Do you ever find yourself wanting an IC tester? Some way to power up an IC and apply various voltages and signals to different pins, in order to either check functionality or to explore the inner workings of some mystery chip..? Exporting test vectors from your logic simulator and checking the final, rubber-meets-the road performance on actual silicon? Then this project is for you. You’re not going to get the equivalent of a Teradyne or anything, but you won’t be spending $300k either.
What we’ve done is traced out and bus-snooped a cheap EPROM programmer to decipher it’s inner workings in order to create an open, super-low-cost platform for digital IC testing and development. This device can drive logic-level signals onto all 40 pins of a Zero Insertion Force (ZIF) socket, as well as providing ground, adjustable power and high-voltage programming signals onto common IC footprints. It can clock at 24MHz, so it’s probably possible to even do microcontroller development where the MCU runs code and the device applies fake signals at the pins to verify functionality.

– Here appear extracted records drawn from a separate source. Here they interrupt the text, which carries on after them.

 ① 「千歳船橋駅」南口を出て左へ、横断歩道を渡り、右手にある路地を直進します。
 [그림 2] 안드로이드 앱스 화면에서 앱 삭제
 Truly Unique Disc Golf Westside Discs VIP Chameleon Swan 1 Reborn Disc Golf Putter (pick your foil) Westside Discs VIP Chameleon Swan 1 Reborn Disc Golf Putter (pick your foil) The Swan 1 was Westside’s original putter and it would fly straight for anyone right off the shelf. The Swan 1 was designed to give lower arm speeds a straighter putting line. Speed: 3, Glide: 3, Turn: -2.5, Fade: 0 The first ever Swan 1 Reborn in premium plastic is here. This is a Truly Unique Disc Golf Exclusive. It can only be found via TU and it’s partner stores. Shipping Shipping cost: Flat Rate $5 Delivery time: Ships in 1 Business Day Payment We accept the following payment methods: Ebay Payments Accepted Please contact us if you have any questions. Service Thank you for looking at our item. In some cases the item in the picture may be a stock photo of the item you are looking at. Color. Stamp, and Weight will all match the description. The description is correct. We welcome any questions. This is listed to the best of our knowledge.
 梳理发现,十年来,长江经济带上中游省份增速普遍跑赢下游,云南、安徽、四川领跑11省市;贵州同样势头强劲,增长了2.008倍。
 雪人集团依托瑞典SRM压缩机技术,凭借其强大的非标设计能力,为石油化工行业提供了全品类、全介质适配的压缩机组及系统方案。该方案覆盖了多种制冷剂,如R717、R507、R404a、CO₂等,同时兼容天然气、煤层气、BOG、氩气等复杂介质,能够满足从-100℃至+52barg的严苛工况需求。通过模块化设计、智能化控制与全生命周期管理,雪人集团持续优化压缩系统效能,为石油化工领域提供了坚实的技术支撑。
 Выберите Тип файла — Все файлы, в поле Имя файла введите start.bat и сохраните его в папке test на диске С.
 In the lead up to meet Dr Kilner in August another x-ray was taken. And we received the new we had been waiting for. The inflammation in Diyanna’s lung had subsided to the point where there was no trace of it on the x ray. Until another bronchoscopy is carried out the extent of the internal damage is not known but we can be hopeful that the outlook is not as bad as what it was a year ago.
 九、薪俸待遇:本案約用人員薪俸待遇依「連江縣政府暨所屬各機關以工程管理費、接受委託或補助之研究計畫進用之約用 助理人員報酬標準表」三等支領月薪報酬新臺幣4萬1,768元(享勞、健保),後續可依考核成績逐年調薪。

The device is the Top2005, a reasonably capable Chinese EPROM programmer that we discussed previously in an article talking about how awful the vendor-supplied software is. As you may have read, we liked the minimalistic hardware design, but didn’t use the tool much because the software was rather bad. Our EPROM programming is mostly done by a nice Xeltek programmer, so the poor Top2005 was just collecting dust on a shelf in the lab. Until we decided that we needed a low-cost test bench for testing CPLD designs and debugging some proprietary SD cards, that is!

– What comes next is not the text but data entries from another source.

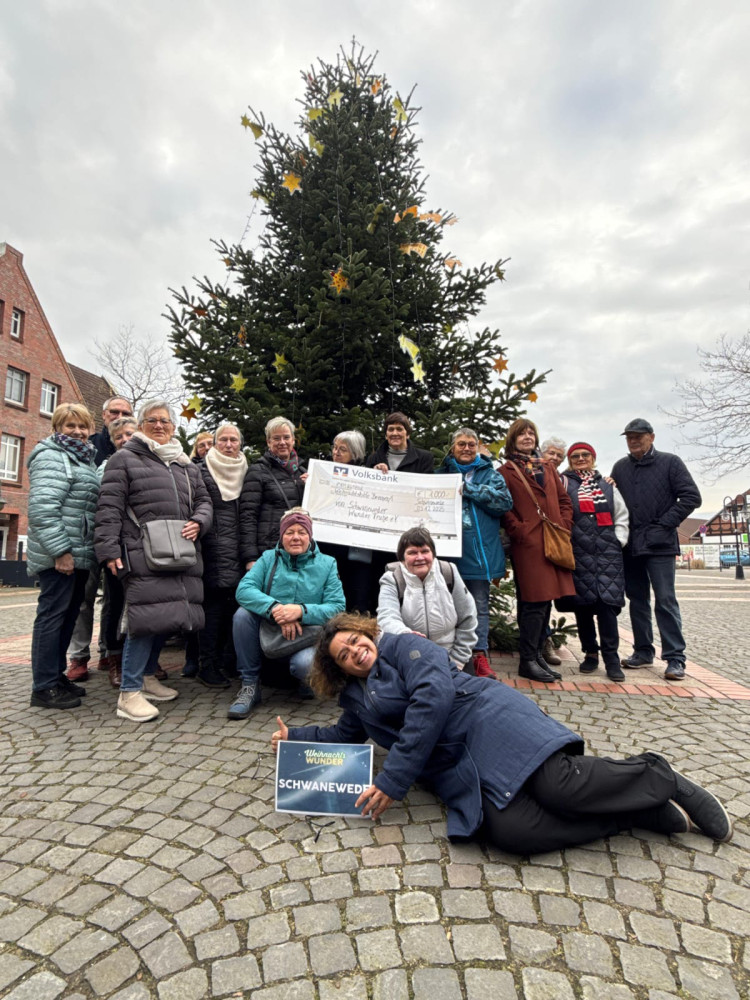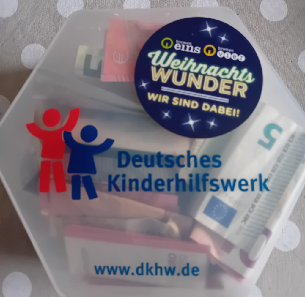 Am 03.12.2025 konnten wir eine prall gefüllte Spendendose mit 385,- Euro an Janine Horsch von Radio Bremen eins übergeben, die im Rahmen ihrer Spendentour von Bremerhaven nach Bremen bei uns auf dem Schwaneweder Marktplatz halt gemacht hatte. Die Spendenaktion kommt dem Deutschen KInderhilfswerk zugute.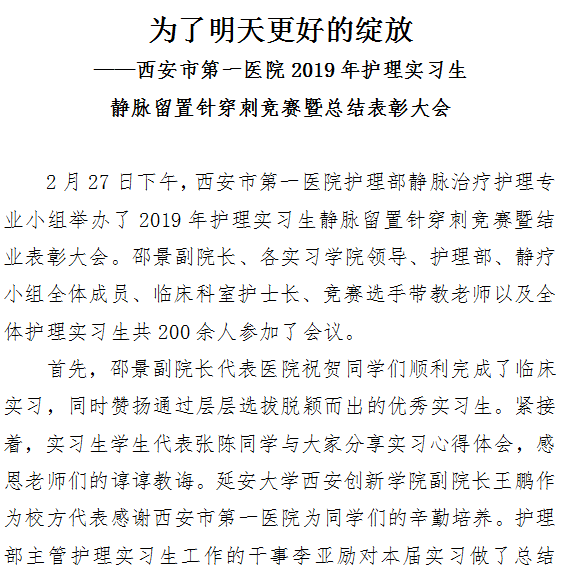 为了明天更好的绽放——男同视频 2019年护理实习生静脉留置针穿刺竞赛暨总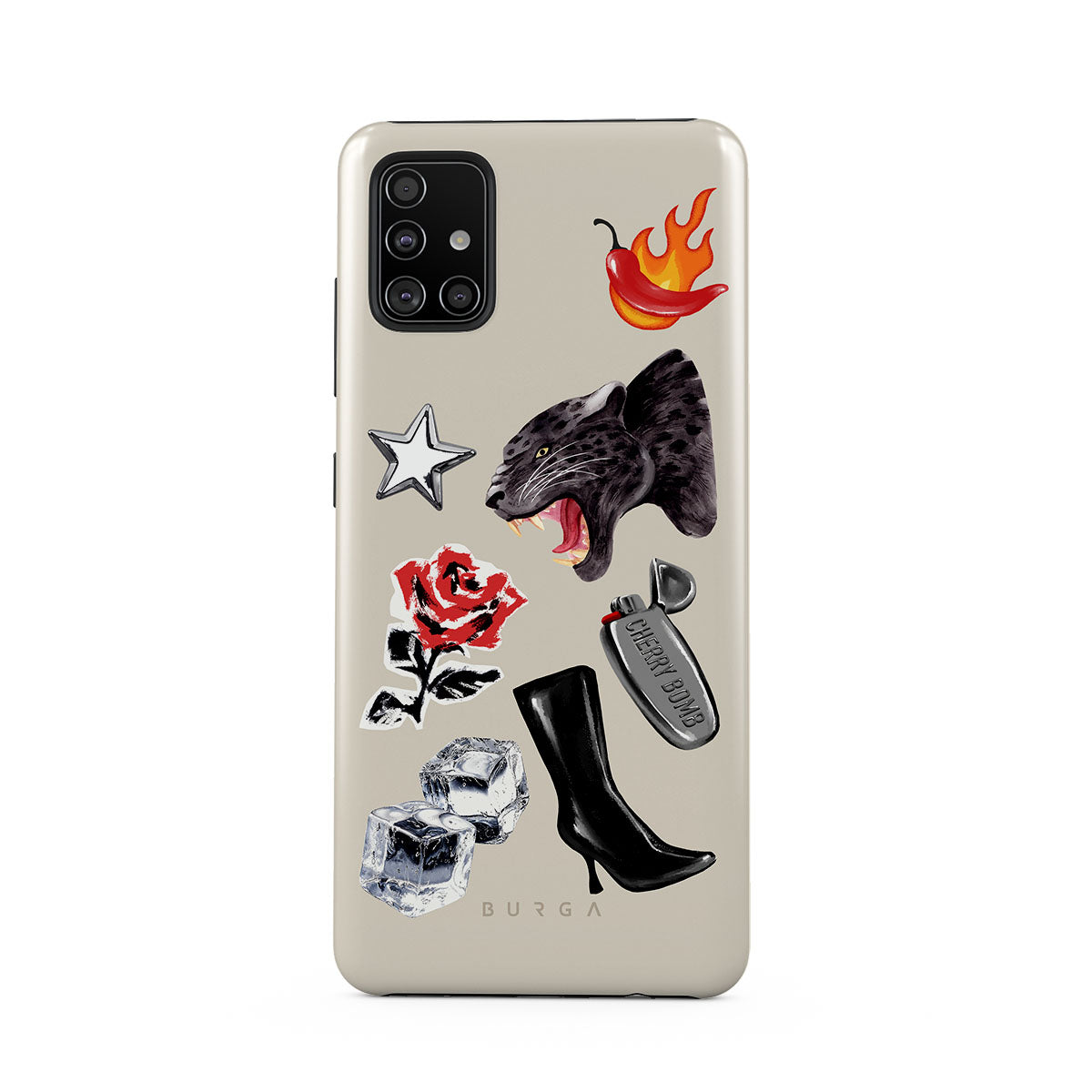 This design features: black panther, red rose, burning bell pepper, silver lighter, black knee-high boots, ice cubes, silver star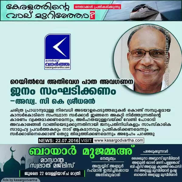 റെയില്വേ അതിവേഗ പാത അവഗണന; ജനം സംഘടിക്കണം: അഡ്വ.സി കെ ശ്രീധരന്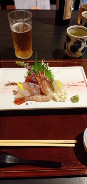 メインのどんちっちアジのお造り、余すこと載ってます。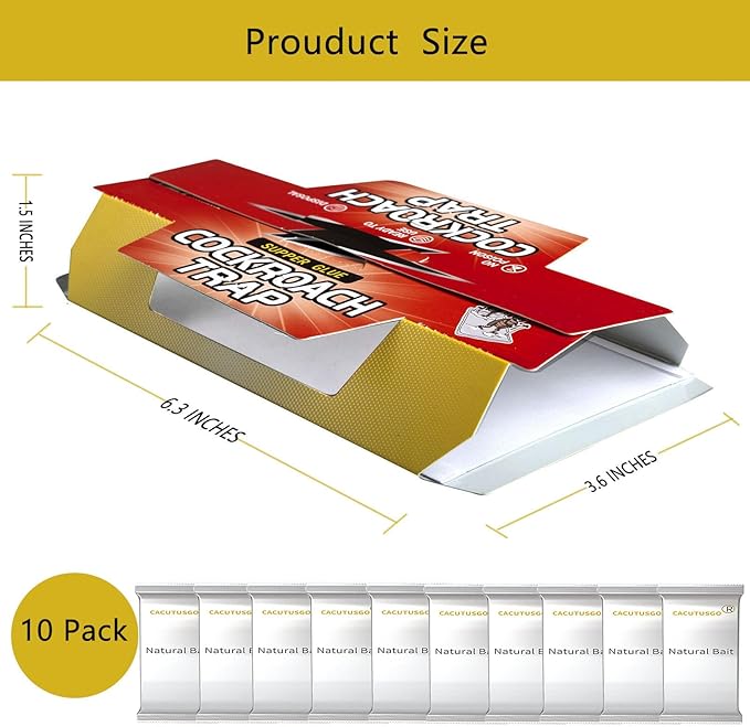 - Easy-to-Use Design – Simply place the trap in roach-infested areas such as kitchens, cabinets, and corners. The foldable design can be used flat or as a tent for discreet placement.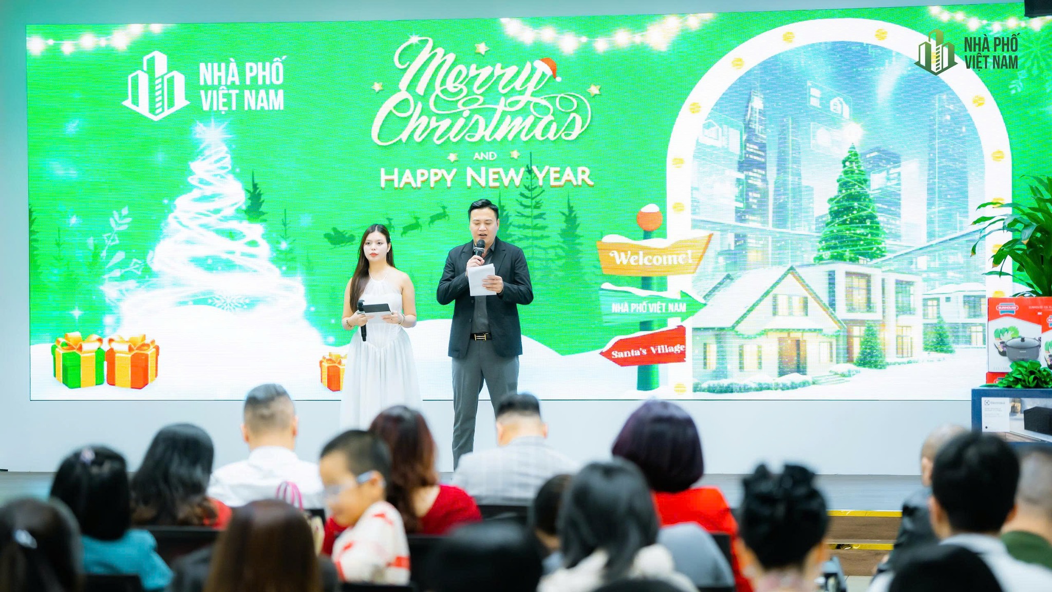 Ngay từ những phút đầu chương trình, không khí Giáng Sinh đã ngập tràn khắp hội trường với hình ảnh ông già Noel phát kẹo, những nụ cười rạng rỡ và sự háo hức của các thành viên Nhà Phố Việt Nam. Lời dẫn duyên dáng, gần gũi của hai MC Nguyễn Nam và Khánh Ngân đã mở ra một buổi tối tràn đầy năng lượng, chính thức khởi động chương trình “Giáng Sinh Gắn Kết” trong sự mong chờ và hưởng ứng nhiệt tình của toàn thể hội trường.
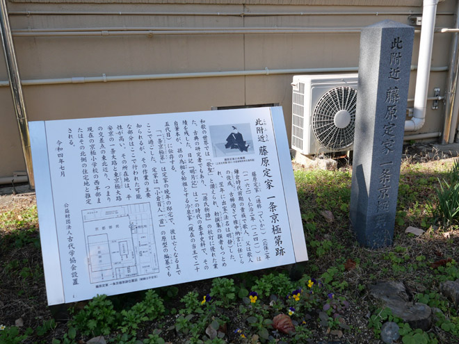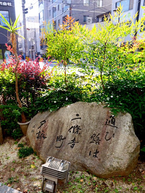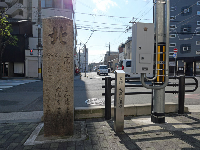 寺町今出川の交差点です。大原口の道標がたってます。豊臣の時代に京の都を取り囲んだ御土居(おどい)に開かれた京七口のひとつです。

Fig 1 – Top2005 programmer pre-hack
Above is a snapshot of the Top2005. The fact that it’s USB powered and very small and portable is great. And from all our analysis, the hardware inside is fairly reasonable, save for the occasional fright from low-end design techniques. This hack consisted of three main parts that we will take a moment to describe:
- Circuit Tracing – The most tedious part was tracing the 40 signal pins from FPGA to the ZIF socket. Otherwise, this simple 2-layer PCB was fairly straightforward to trace in order to determine which pins of which IC controlled which function. Very important to know later, when we want to begin extending the capabilities.
- Bus and USB Snooping – Internally, the device uses a homegrown address/data bus that we’ll call TOPBUS. By watching the internal signals while we snoop the USB commands, it was possible to understand and recreate command sequences in order to toggle pins high/low as well as apply power and GND to the socket.
- Extending the Capabilities – With the vendor-supplied bitstreams, you can already do a ton of stuff (uhh, like EPROM/MCU programming and 74xx logic test). Just using what comes out of the box, we’ll show you how to write a little piece of testbench software so you can do on-the-fly logic verification with just a few clicks. For more off-the wall functions, we’ll show you how to write your own custom logic for the FPGA in order to do fancy sequencing or other cool stuff while you still churn data into and out of the device. We’ll provide some verilog templates and Xilinx constraint files to give you a head start on implementing custom logic for the device.